"Frozen In Stone (replica) is a light and sound piece wich intends to define some physical and mental limits of
different states of consciousness. It's a parallel piece to a piece called 'Frozen in Stone' released in 2011 on Razzle
Dazzle following the same lines, with a different perspective. This one was adapted for the event at Ausland in a context
of total darkness." ( and then performed in Hamburg and in The Zone in Berlin in 2012...)"
"I'm born in France, graduated from Nancy Academy of Fine Arts, east of France. My works is made of several
practices, installation, action, drawing, writing, recording, performances. They are all connected. I'm exhibiting my work
regularely in galleries and museums since 2004 releasing records since april 2003 and performing live since may 2007.
In 2007, I've also created a label called Razzle Dazzle (name related to a painting technic to camouflage military boats)
publishing sound works of artists dealing with a conceptual approach."
The process:
I don't know if I'm looking for one specific sound, I feel more like I'm visiting. I don't know exactly what I look for if it's
the question, but I know what I don't want.
I'm interested by how memory processes transform time into space. I'm basically using sound performance as a
rupture point, or better, sound starts with a rupture, and I use this original point to build a surface which can be modulated
by sound but not only. The modulations of the surface offers new points of view for listening or 'new points of listen' for
viewing, I should say. At some point, I like to create layered plans, to consider space as an emotional complex, to make
a listener listen and then slowly trying to make him listen to him while listening, etc... In a performance, I think what's
really 'alive' is not so much in the music itself, but in the active experience of present and in our effort to recover from it.
When I'm drawing a sound piece, or writing it, I feel like I'm already playing, playing an idea, playing a line, a word...
Recovering is a productive act, I think.
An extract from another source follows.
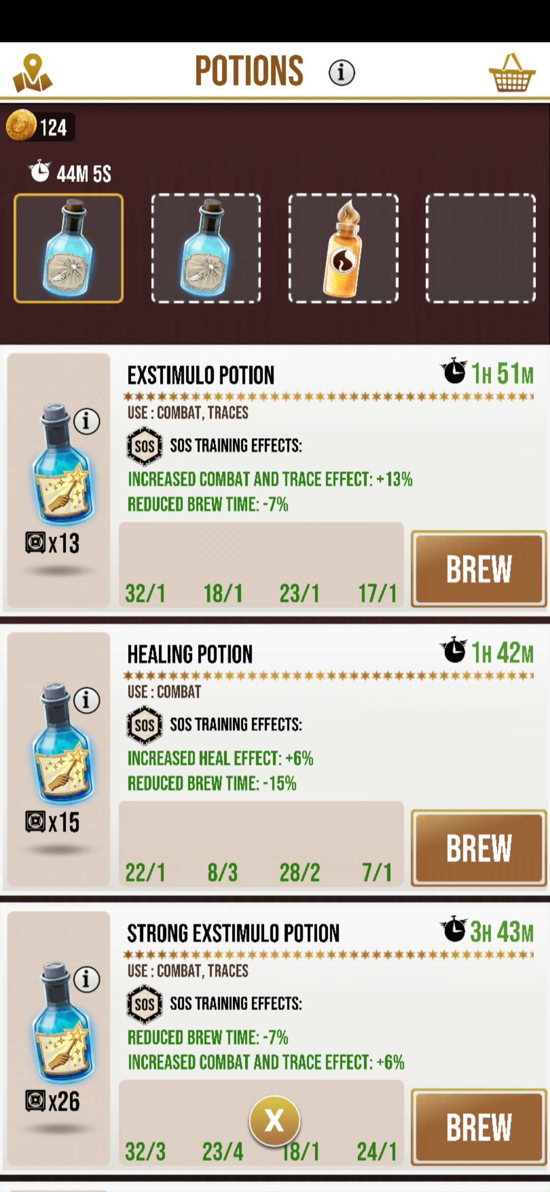 - Click [+] in empty slot to brew new potion - fails.
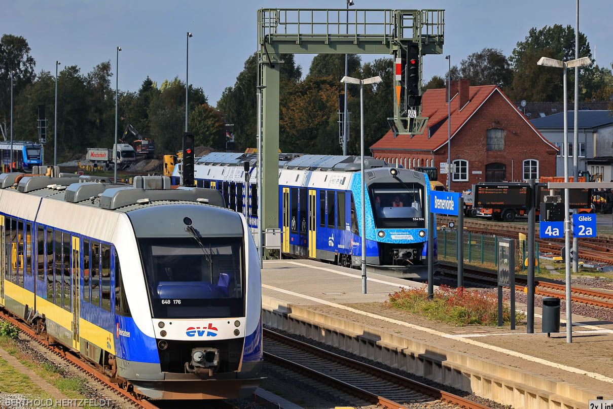 04.10.2022: Besuch der EVB in und um Bremervörde. Um die Mittagszeit im Bahnhof der EVB.

But we also have to face specific forms of knowledge whose "princips" are not
entirely rational.
The impact of noise:
I like neighbourhood's noises. The cat of my neighbours has a big influence on me right now. Everytime I hear him
suddenly running on the ceiling above my head, I think that it's exactly the point I'd like to reach. I can't explain much
more though. It might be a Schrödinger's one...
Why music?
I think I came to music because I couldn't find elsewhere such an elusive and, at the same time, total medium.
I've allways been interested by art forms trying to enlarge practices and confronting different emotional and mental
layers. I like when I don't know exactly where the performance really goes. I like music which gives me time to think,
makes me erase and draw a new line around me. I like in-between states, when sounds become precisely 'something
else' and this precisely 'something else' suddenly become words, image, memory...
Recommendations:
I'd definitely recommend Palix's blog "Beyond the Coda" (beyond-the-coda.blogspot.com), Revue et Corrigée /
Metamkine, run by Jérôme Noetinger (www.revue-et-corrigee.net).
In my home town, I had the chance to grow up
with an experimental festival called 'Musique Action' which had a big influence on me when I started to have and
interested in 'experimental' music around 1999. I'd also mention a very active music scene in Indonesia which I had the
chance to meet during a residence in 2010, around Gustav H. Iskandar and the festival 'Nu substance'.
(commonroom.info).
Advantages and disadvantages of independent curatorial spaces:
It's interesting to work with independent spaces as soon as they are working with perspectives and/or interests in
what they're showing. For me, a space is more like a blank sheet of paper. I don't want to be too critical about this, I know
independent venues, sometimes they're offering bad or quite bad conditions of sound system, etc.. But first, the artist can
ask the place about it before and say no if he doesn't want to play, you are never forced to show your work. But then,
sometimes I also have the feeling that artists could be more flexible about their practice, and take advantage of the whole
situation. I agree that it's a singular idea to open a venue when you have a shitty cellar, with bad speakers and no idea.
But then? I'm sure it can change someone's life to see a show there, someone who starts playing shows, I don't know. I
don't like to think I'm trapped in something. Let's keep things being unstable while happening. « Perfection is terrible, it
cannot have children » wrote Sylvia Plath. Worst case is when the owner comes right after your performance and ask
you : "Did you have a technical problem?". Yes. Life is a vast technical problem.